As you can see in my second query, some of the rows have duplicate timestamps like 2022-11-26 17:00:00, 2022-11-26 20:00:00 and so on.

I understand that when averaging out the columns, in the case of alert column, it encounters multiple values be it empty string along with some HIGH, MEDIUM or LOW strings or some other combinations resulting in multiple rows for the same timestamp.

Requirement

What I want is to simply average out the values (initially ignoring the alert column values) and then check for HIGH string in the alert column for that particular hour (I am doing hourly average). If the string is present, simply assign HIGH for that row in the alert column. If no HIGH string found, just assign empty string for that row in the alert column.
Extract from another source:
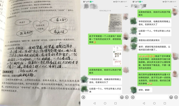 疫情來(lái)的迅猛又猝不及防,老師們一方面要完成教學(xué)任務(wù)、引導(dǎo)學(xué)生做好防疫,一方面要時(shí)刻關(guān)注學(xué)生的心理健康。學(xué)生們被迫在家度過(guò)了一個(gè)史上最長(zhǎng)的寒假,對(duì)于處在叛逆期的孩子們來(lái)說(shuō),難免會(huì)與家人出現(xiàn)一些矛盾,在課堂之外,老師們還需要擔(dān)任“心理調(diào)節(jié)師”的角色。一次,周老師班上有個(gè)同學(xué)因?yàn)樯暇W(wǎng)課的事情與父母鬧了矛盾,一氣之下跑到奶奶家,周老師得知了這件事情,第一時(shí)間聯(lián)系上學(xué)生,通過(guò)鼓勵(lì)、引導(dǎo),讓學(xué)生認(rèn)識(shí)到自己的錯(cuò)誤,與父母和解。還有一次,周老師通過(guò)批改作業(yè),發(fā)現(xiàn)一名學(xué)生在作業(yè)中吐露了自己孤獨(dú)、無(wú)趣的心聲??吹胶螅芾蠋熈⒖膛c家長(zhǎng)溝通了解情況,并建議家長(zhǎng)多多陪伴孩子。盡管老師和學(xué)生們不能在學(xué)校的課堂上相聚,但在通訊十分發(fā)達(dá)的現(xiàn)在,老師們也始終用自己的方式陪伴在學(xué)生左右。

Something like below

Expected output

       hourly        |        avg         |        avg         |         avg         | alert 
--------------------- -------------------- -------------------- --------------------- ----------------
 2022-11-26 17:00:00 |  3.52857138642243   |  2.771428568022592 |                   0 | 
 2022-11-26 18:00:00 |  2.484615419346553  |  2.815384602546692 |                   0 | 
 2022-11-26 19:00:00 |  2.218461540570626  |  2.723076921242934 |                   0 | 
 2022-11-26 20:00:00 |  5.098461512992015  | 2.7076923021903405 |                   0 |  HIGH
 2022-11-26 21:00:00 |  2.0060606116824076 | 2.6469696814363655 |                   0 | 
 2022-11-26 22:00:00 |  5.672307815345434  |  2.810769222332881 |                   0 |  HIGH
 2022-11-26 23:00:00 |  2.7828124976949766 |  2.893749985843897 |                   0 | 
 2022-11-27 00:00:00 |  2.6046153992414474 | 2.8030769238105187 |                   0 | 
 2022-11-27 01:00:00 |  3.846031717837803  | 2.8333333200878568 |                   0 |  HIGH
 ...
(25 rows)

I thought of only targeting rows containing HIGH value in alert column by doing something like where alert = 'HIGH', but then it will drop other rows and affect my average calculation.

How can I do this?

CodePudding user response：

You need to use an aggregate function for the column 'alert', as well. Since you want to only bring up a certain value, you can use a conditional expression inside the aggregate, like this:

select 
     date_trunc('hour', date) as hourly
   , avg(jitter)
   , avg(latency)
   , avg(packet_drop)
   , coalesce(MAX(case when alert='HIGH' then 'HIGH' end),'') as alert 
from device_data 
where date between '2022-11-26 17:41:11' and '2022-11-27 17:41:11' 
group by hourly order by hourly;

This should work, because the MAX function ignores the NULL values (all alert values other than HIGH will cause NULL result in the case expression.